README
NAME
File::Metadata::Libextractor - Use libextractor to read file metadata
SYNOPSIS
use File::Metadata::Libextractor;
#| This program extracts all the information about a file
sub MAIN($file! where { .IO.f // die "file '$file' not found" })
{
my File::Metadata::Libextractor $e .= new;
my @info = $e.extract($file);
for @info -> %record {
for %record.kv -> $k, $v {
say "$k: $v"
}
say '-' x 50;
}
}
DESCRIPTION
File::Metadata::Libextractor provides an OO interface to libextractor in order to query files' metadata.
As the Libextractor site (https://www.gnu.org/software/libextractor) states, it is able to read information in the following file types:
HTML
MAN
PS
DVI
OLE2 (DOC, XLS, PPT)
OpenOffice (sxw)
StarOffice (sdw)
FLAC
MP3 (ID3v1 and ID3v2)
OGG
WAV
S3M (Scream Tracker 3)
XM (eXtended Module)
IT (Impulse Tracker)
NSF(E) (NES music)
SID (C64 music)
EXIV2
JPEG
GIF
PNG
TIFF
DEB
RPM
TAR(.GZ)
LZH
LHA
RAR
ZIP
CAB
7-ZIP
AR
MTREE
PAX
CPIO
ISO9660
SHAR
RAW
XAR FLV
REAL
RIFF (AVI)
MPEG
QT
ASF
Also, various additional MIME types are detected.
new(Bool :$in-process?)
Creates a File::Metadata::Libextractor object.
libextractor interfaces to several libraries in order to extract the metadata.
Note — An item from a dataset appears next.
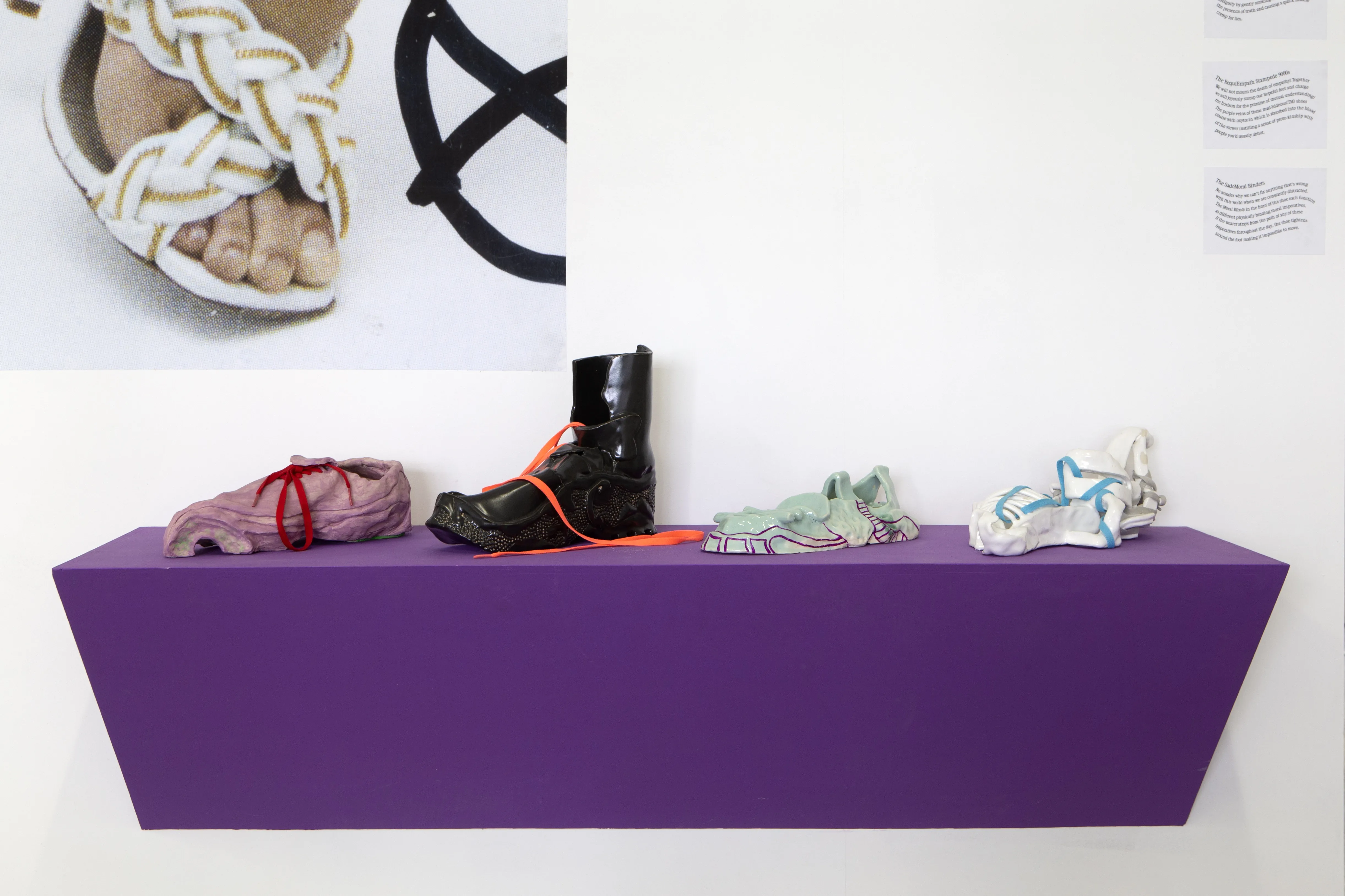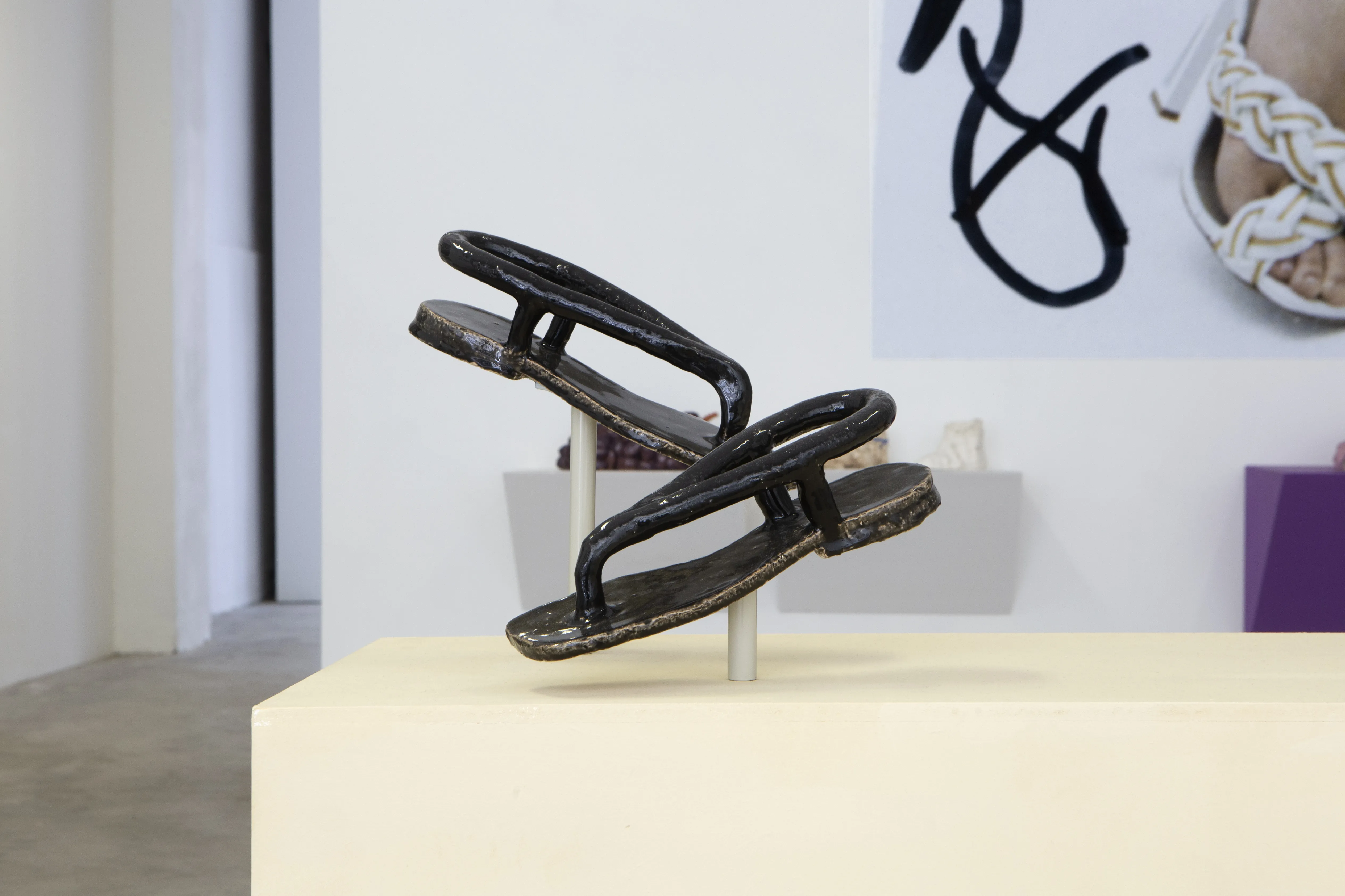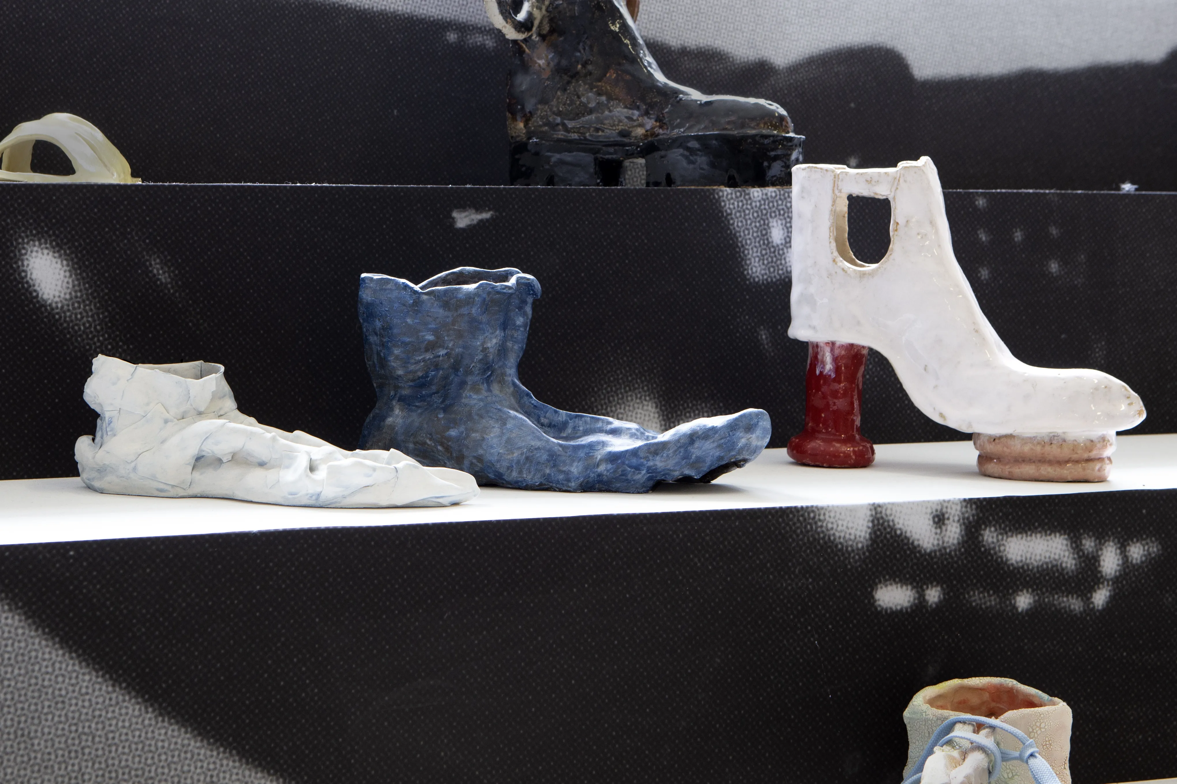 Starting as first a mental collection and later a slowly growing folder of snapshots of encountered shoes over the years, the exhibition zooms in on this medium within a medium and the shoe as a vessel for ideas, dreams and values. Some of the works allude to a feeling of home, others explore gender roles, capitalist fetishes and futures, or simply act as containers for larger sculptures. Whilst the shoestore-like scenography might suggest otherwise: these shoes are not just objects, and certainly weren’t made for walking.

To work safely it starts sub-processes to perform the actual extraction work.
This might cause problems in a concurrent envirnment with locks. A possible solution is to run the extraction process inside the program's own process. It's less secure, but it may avoid locking problems.
The optional argument $in-process allows the execution of the extraction job in the parent's process.
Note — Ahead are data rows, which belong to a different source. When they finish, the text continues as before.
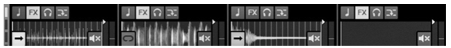 [Índice]Existen toda una serie de parámetros que afectan de forma independiente a cada uno de los 4 slots de reproducción y que pueden ser asignados a comandos de mapeo. Estos están representados en estos iconos situados en la parte superior de cada nicho y sólo son visibles al pasar el botón del ratón sobre esa zona de pantalla.
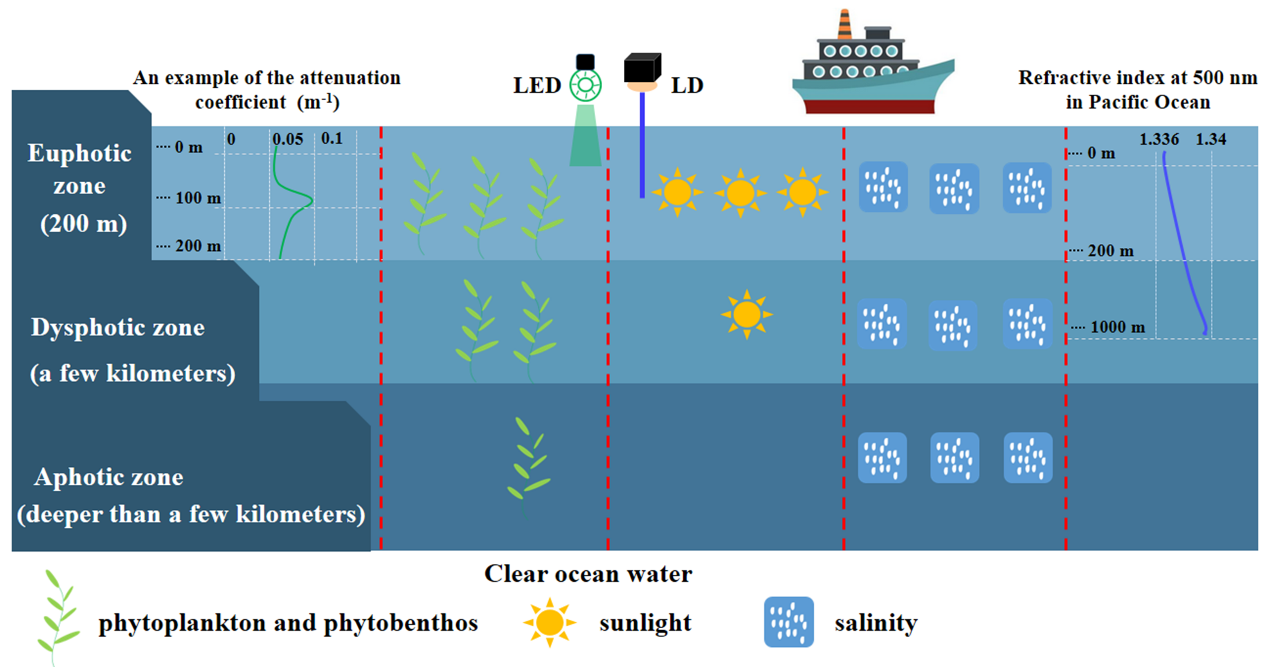 文章首先介紹了水的光學特性,包括不同水質(zhì)的衰減系數(shù)、海洋環(huán)境根據(jù)垂直深度變化導致的水下光學特性的變化等。海洋中垂直分層環(huán)境的概要示意圖如圖1所示。
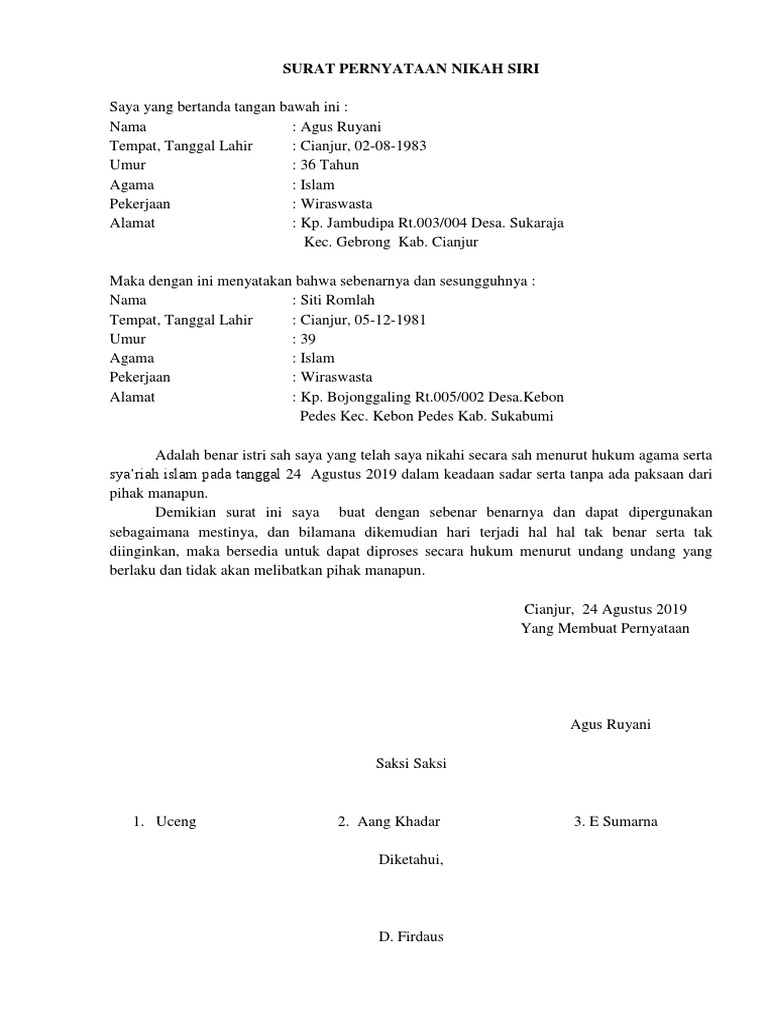 Cara Membuat Surat Pernyataan Nikah Siri Dan Contoh Lengkapnya
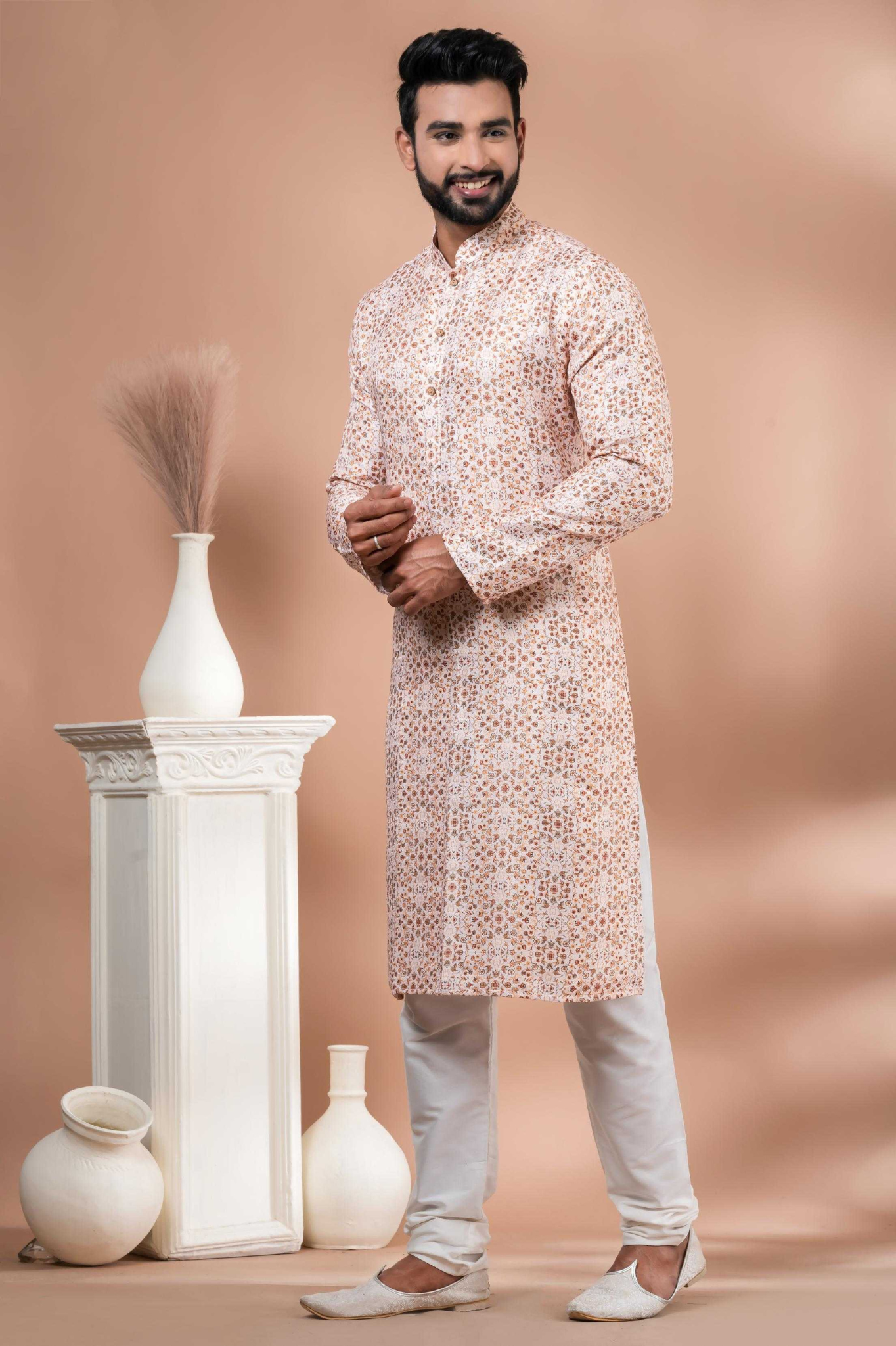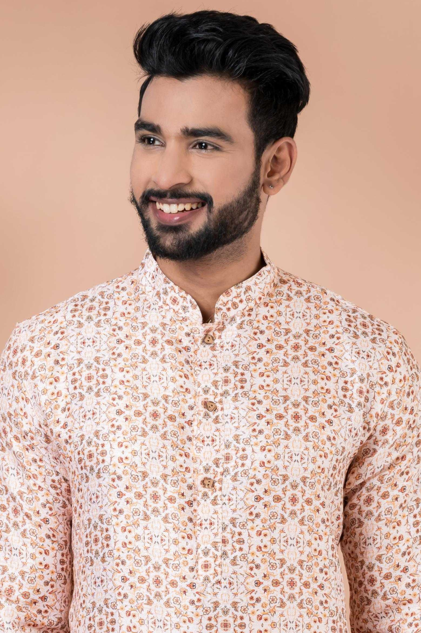 Refresh your ethnic collection with this men’s kurta pajama set, crafted from soft and breathable cotton fabric. Designed in a soothing white-orange tone with all-over subtle floral prints, this kurta offers both comfort and sophistication. Paired with a crisp white pajama, it makes the perfect outfit for festive gatherings, casual celebrations, or family functions.

extract(file' not found" --> List)
Reads all the possible information from an existing file, or fails if the file doesn't exist. The output List is actually a List of Hashes. Each hash has the following keys:
mime-type The file's mime-type
plugin-name The name of the plugin the library used to find out the information
plugin-type The plugin subtype used for the operation
plugin-format The format of the plugin's output
data-type The value returned by the plugin subtype
The possible values for plugin-format are:
EXTRACTOR_METAFORMAT_UNKNOWN
EXTRACTOR_METAFORMAT_UTF8
EXTRACTOR_METAFORMAT_BINARY
EXTRACTOR_METAFORMAT_C_STRING
The possible values for the plugin-type field are listed in File::Metadata::Libextractor::Constants, in the EXTRACTOR_MetaType enum (231 values as for v3.1.6).
Prerequisites
This module requires the libextractor library to be installed. It has been successfully tested on the following Linux distributions:
Debian 9
Debian sid
Ubuntu 16.04
Ubuntu 18.04
It doesn't work with the version of the library that comes with Ubuntu 14.04.
sudo apt-get install libextractor3
This module looks for a library called libextractor.so.3 .
Installation
To install it using zef (a module management tool):
$ zef install File::Metadata::Libextractor
Testing
To run the tests:
$ prove -e "raku -Ilib"
AUTHOR
Fernando Santagata [email protected]
COPYRIGHT AND LICENSE
Copyright 2018 Fernando Santagata
This library is free software; you can redistribute it and/or modify it under the Artistic License 2.0.